## Task goal
Which lines run from the start of the material below through the line containing "Demonstracja robotników z"? Retype them exactly, pictures excluded.

## Data for review
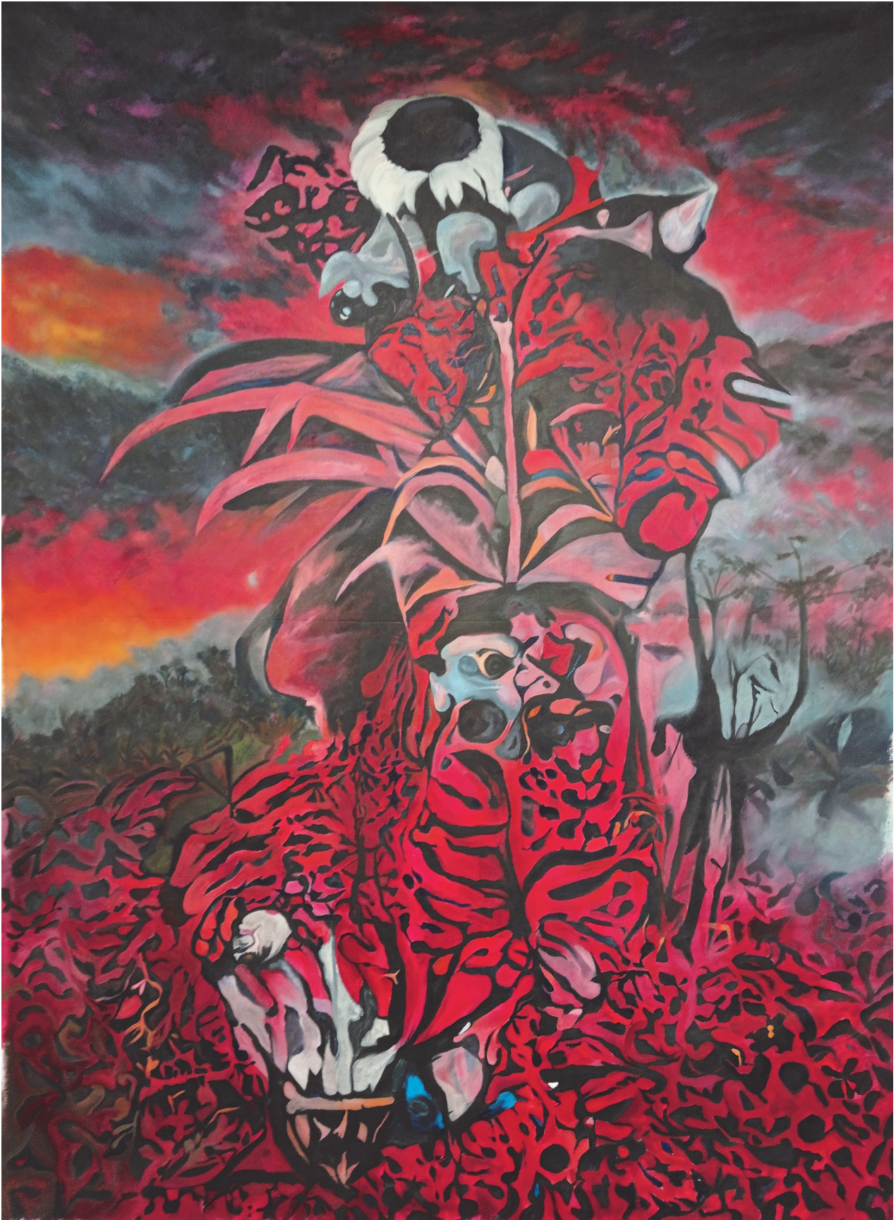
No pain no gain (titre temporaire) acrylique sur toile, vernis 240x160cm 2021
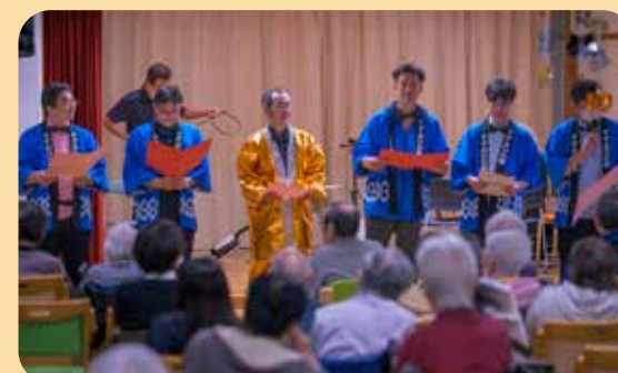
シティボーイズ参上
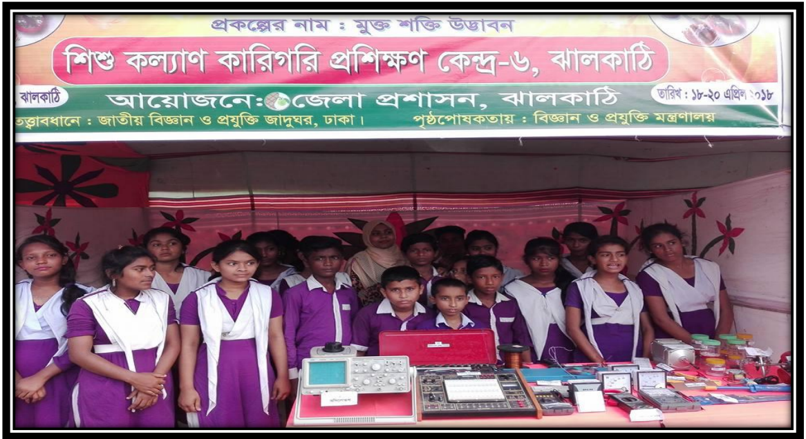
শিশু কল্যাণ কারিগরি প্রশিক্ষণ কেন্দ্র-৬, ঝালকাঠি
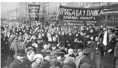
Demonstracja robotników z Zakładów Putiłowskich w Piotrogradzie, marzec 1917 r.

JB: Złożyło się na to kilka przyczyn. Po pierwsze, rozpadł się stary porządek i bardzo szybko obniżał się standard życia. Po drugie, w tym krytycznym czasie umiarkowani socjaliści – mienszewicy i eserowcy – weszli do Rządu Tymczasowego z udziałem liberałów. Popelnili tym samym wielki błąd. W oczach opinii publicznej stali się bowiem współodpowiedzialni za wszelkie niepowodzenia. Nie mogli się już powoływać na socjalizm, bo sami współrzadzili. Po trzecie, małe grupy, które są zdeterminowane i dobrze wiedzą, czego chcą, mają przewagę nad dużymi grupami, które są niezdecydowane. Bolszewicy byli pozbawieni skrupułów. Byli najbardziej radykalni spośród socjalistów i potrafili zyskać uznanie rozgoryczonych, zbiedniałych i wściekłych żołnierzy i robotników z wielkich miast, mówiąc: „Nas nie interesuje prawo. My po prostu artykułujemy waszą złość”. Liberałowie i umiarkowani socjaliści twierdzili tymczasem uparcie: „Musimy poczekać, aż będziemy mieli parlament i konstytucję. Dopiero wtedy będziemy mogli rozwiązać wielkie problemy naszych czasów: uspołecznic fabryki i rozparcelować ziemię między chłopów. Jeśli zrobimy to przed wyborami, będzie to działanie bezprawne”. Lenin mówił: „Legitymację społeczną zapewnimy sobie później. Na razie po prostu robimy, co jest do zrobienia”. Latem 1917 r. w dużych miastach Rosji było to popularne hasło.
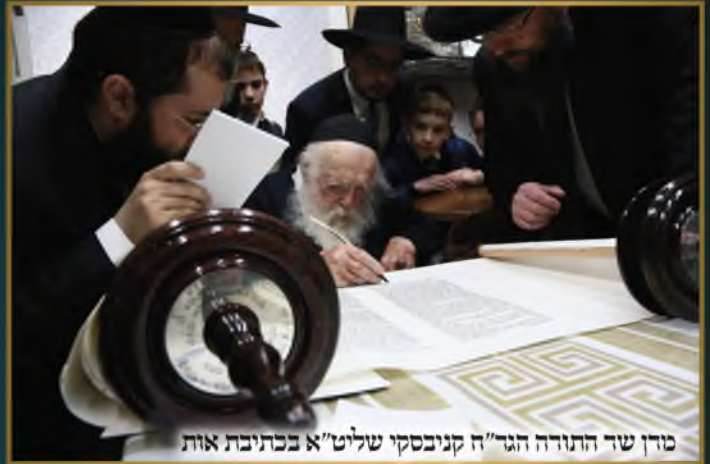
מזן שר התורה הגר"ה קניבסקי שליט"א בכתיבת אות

## Task result
No pain no gain (titre temporaire) acrylique sur toile, vernis 240x160cm 2021
シティボーイズ参上
শিশু কল্যাণ কারিগরি প্রশিক্ষণ কেন্দ্র-৬, ঝালকাঠি
Demonstracja robotników z Zakładów Putiłowskich w Piotrogradzie, marzec 1917 r.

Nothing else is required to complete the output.